Friday, November 03, 2006

Rambling thoughts


Probe me God, know my heart;
try me, know my concern.
See if my way is crooked,
then lead me in the ancient paths.
~Psalm 139:23-24

I think I am beginning to realize why it is so difficult for many people–myself included at times–to recognize God at work in the world and in our lives. I just spent the last few days reading the beginning of The Art of the Commonplace: The Agrarian Essays of Wendell Berry. In his essay “A Native Hill” he points out how so many of the structures of our culture do violence to the land upon which we dwell. For example, he notes the difference between paths–the characteristic mode of travel of the American Indian–and the roads that came to be built by the European settlers. While a path is “a sort of ritual of familiarity...a form of contact with a known landscape” that does not plow through but instead folds itself into the contours of that which is already given, a road is “a resistance against the landscape”, showing “not only the necessity for movement, but haste.”
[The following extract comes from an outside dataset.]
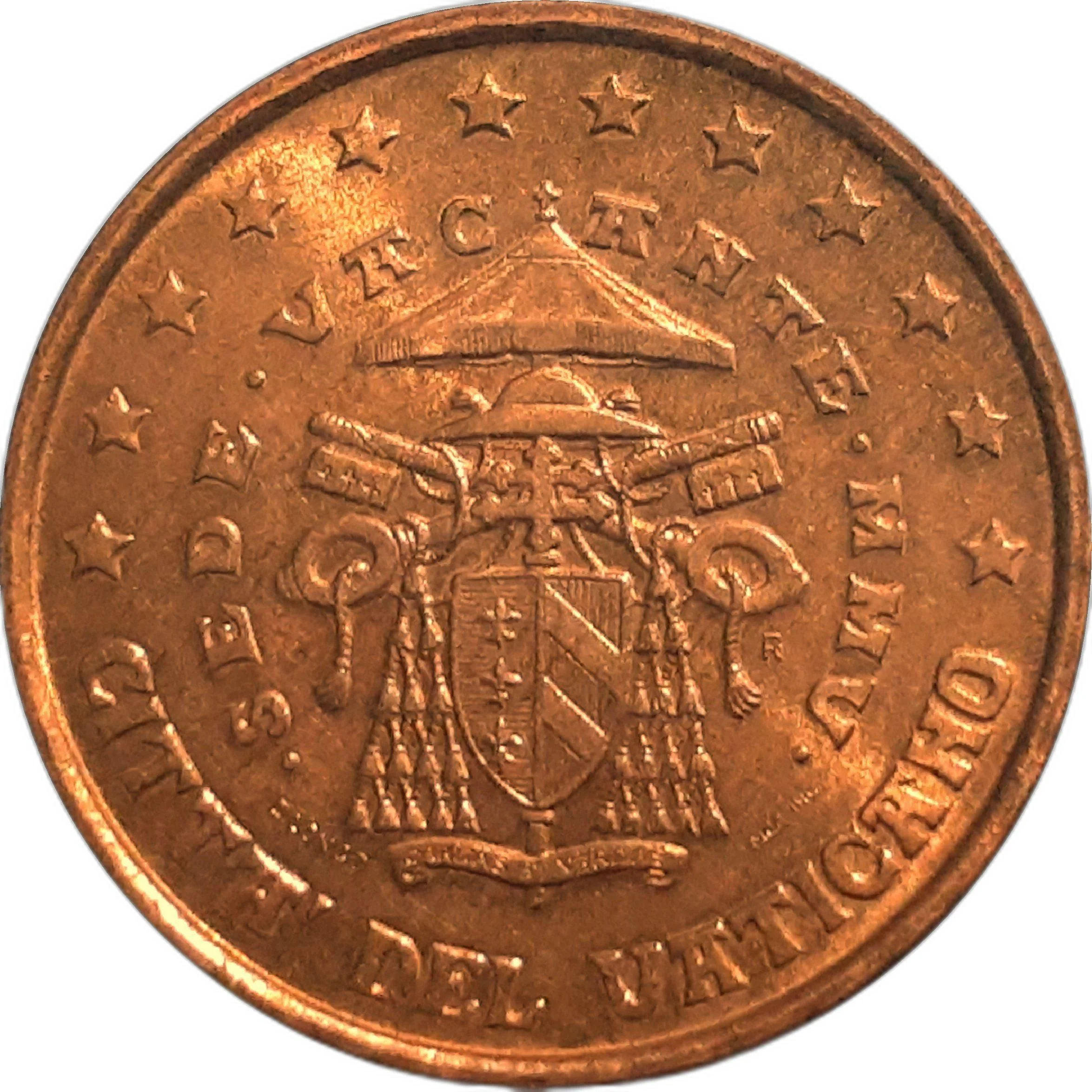 Description: Cardinal Chamberlain Eduardo Martinez Somalo’s coat of arms, overlaid on the Apostolic Chamber emblem, is encircled by “SEDE VACANTE,” the year “MMV” (2005), “CITTA’ DEL VATICANO,” and the twelve European stars.

Today I spent at least and hour driving back and forth on an interstate. Even though I am not personally responsible for the creation of this interstate, and the violence that happened to the natural Virginia hills was not the result of my particular choice, the fact that I spend so much time in close contact with asphalt and green highway signs that spill past me at 65 miles per hour cannot be neutral. I move at the pace of a machine, rather than a human or even animal gait. I am traveling upon a resistance rather than an acceptance. A kind of structural non serviam to the natural rather than a fiat to the land as it was and is.

I don’t mean to say that roads cannot bring good–I only mean to point out the fact that we should not spent too much thoughtless time immersed in the structures of our culture without being mindful of their effect on our souls. I read once that the Amish reason for being against much of modern technology is not because of the intrinsic evil of progress, but because they believe that it will cause the disintegration of the family. The leaders of their communities evaluate each new measure of technological “progress” in terms of how it will affect the family and decide whether to permit it or avoid it. The book mentioned as an example central heating–the Amish felt that if all the rooms of a house were heated, rather than just the one large central room heated by a wood stove, a family would be driven to all corners of the house and spend less quality time together. Something I continue to give thought to, particularly when I feel more like Martha than Mary, unable to give myself over to the “one thing” that is necessary in this life.